Your dentist will make sure you are comfortably anesthetized and relaxed prior to beginning root canal therapy. The removal of the pain-causing infected pulp from your tooth will relieve any pressure that is built up causing some of that discomfort. After the infected tissues are cleaned out, your tooth will be sealed closed to keep out any further invading bacteria and repair the enamel of the tooth with a dental filling or a protective dental crown.

Myth #2 – Why Not Just Remove The Tooth?

A well trained dentist will always use tooth extraction as a “last resort” type dental treatment. Nothing functions as well as your own natural teeth, so tooth preservation whenever possible is always the best course of treatment. Root canal therapy allows you to keep your natural tooth. This prevents you from having to resort to other extensive dental treatments, such as dental bridges or dental implants, to help replace the lost tooth and restore your smile.

Myth #3 – Root Canal Therapy Is Only For Teeth Causing Pain

Sometimes a dental infection has become so severe that the tooth actually dies. You may no longer be feeling any pain but infection is still present and damaging your underlying bone structure. A lot of the pain and discomfort we feel when dental infection is present is pressure. A dental infection can sometimes cause a bump in the gum tissue where the infection can leak out relieving that pressure and allowing it to feel better even though it is not. Even at this point, root canal therapy can still save the tooth structure itself. This is one of the reasons for routine dental examinations and radiographs.

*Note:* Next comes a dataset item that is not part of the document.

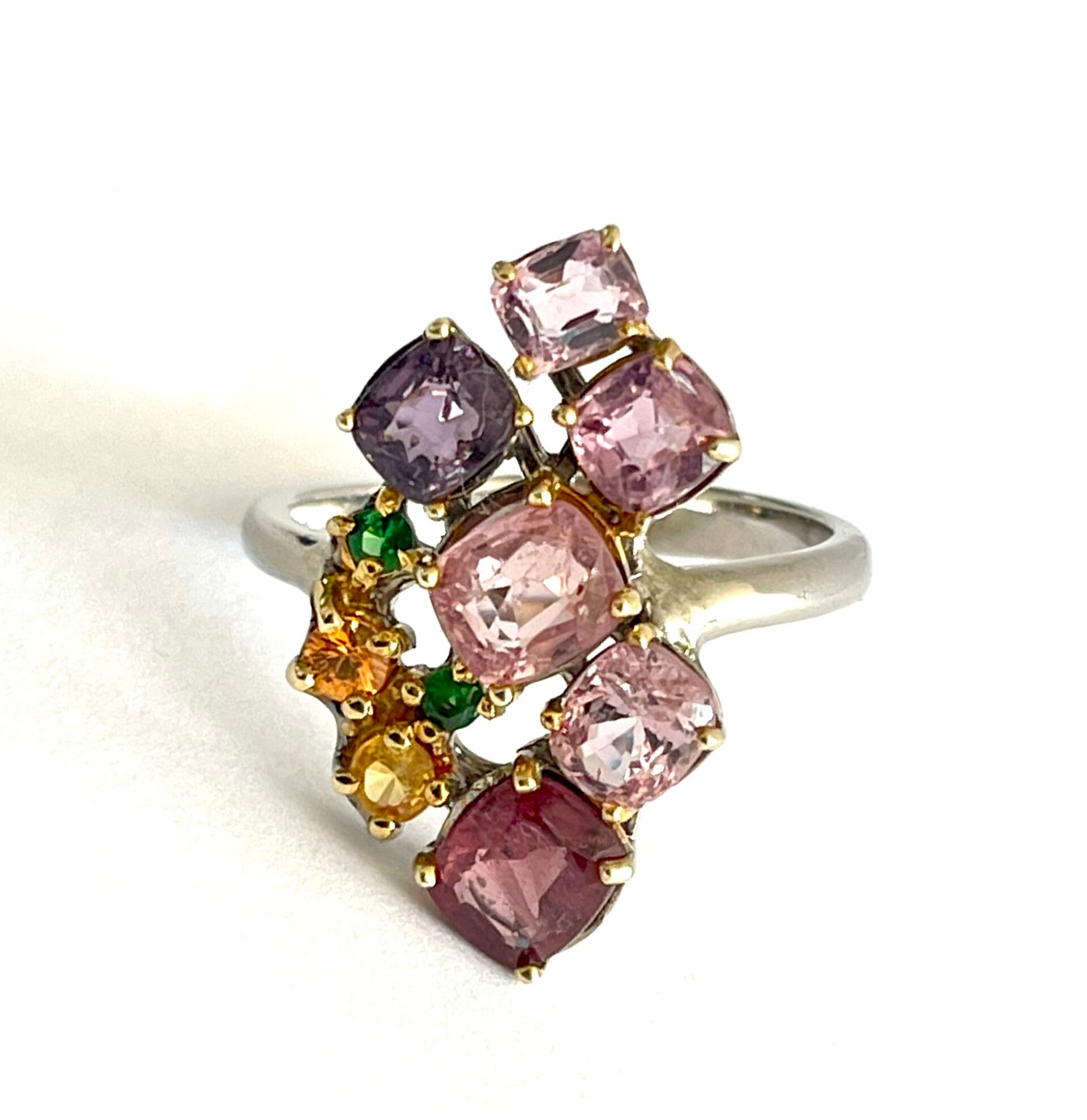 Zilveren ring met Tourmaline, Citrine en Chromium Diopsite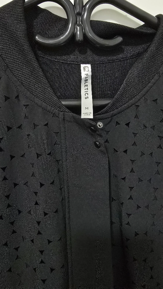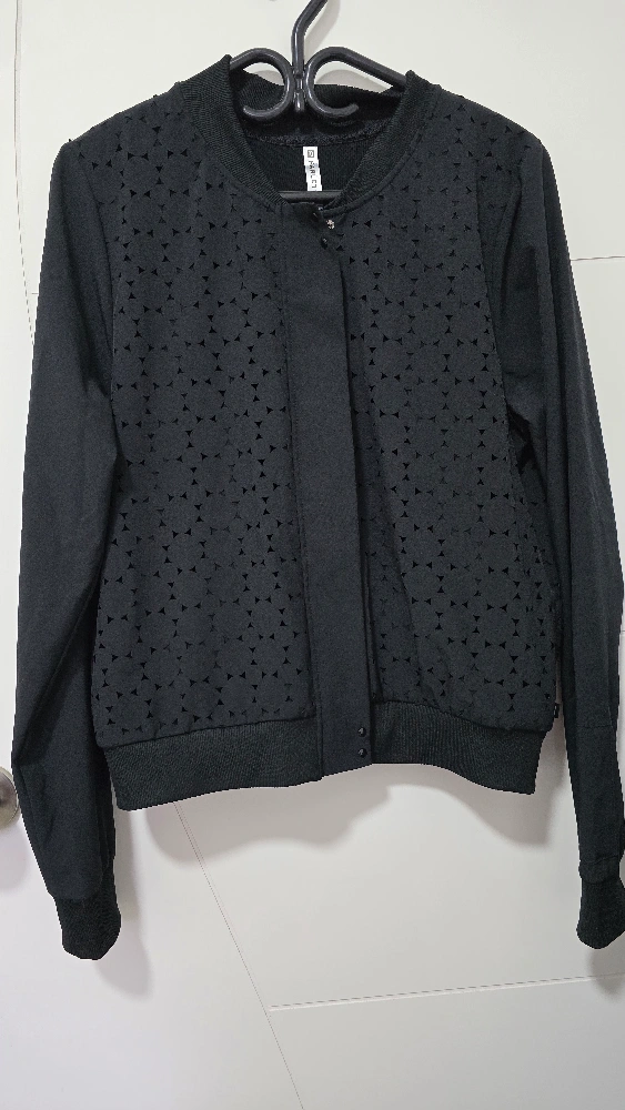 Black Fabletics bomber jacket. Size medium. Laser cut detailing throughout. Long sleeves. Snap button closure.

These visits can let us see changes as they happen before they become bigger issues. Regular visits will actually save you money over the long haul but sometimes that is hard to understand.

Root Canal Therapy Marielaina Perrone DDS
Painless Root Canal Therapy Is Possible

Myth #4 – Root Canal Therapy Takes A Long Time

Most root canal therapy treatment can be completed in 1-2 visits. If there is no active, serious dental infection present they can sometimes be finished in just one appointment or you may have to return to complete the filling or crown procedure. The condition of your tooth following root canal therapy and the severity of infection dictate the treatment time needed. Sometimes a dental crown is not needed but is usually recommended as the tooth will become more brittle without the natural nutrients and blood flowing thru the tooth.

Myth #5 – Dental Infections Are Common Following Root Canal Therapy

A re infection of the tooth root can happen, but it is not very common. If dental infection returns to the tooth, further dental treatment will be needed. The newest dental materials and technques used to fill a tooth following root canal therapy have been specifically designed to significantly reduce the likelihood of developing another dental infection in that tooth.

Root Canal Therapy Myths Conclusion

Root canal therapy has developed a very bad reputation over the years. Rest assured with new techniques it can be a painless experience. If you are feeling dental anxiety speak to your dentist and they can offer you advice on how to best cope.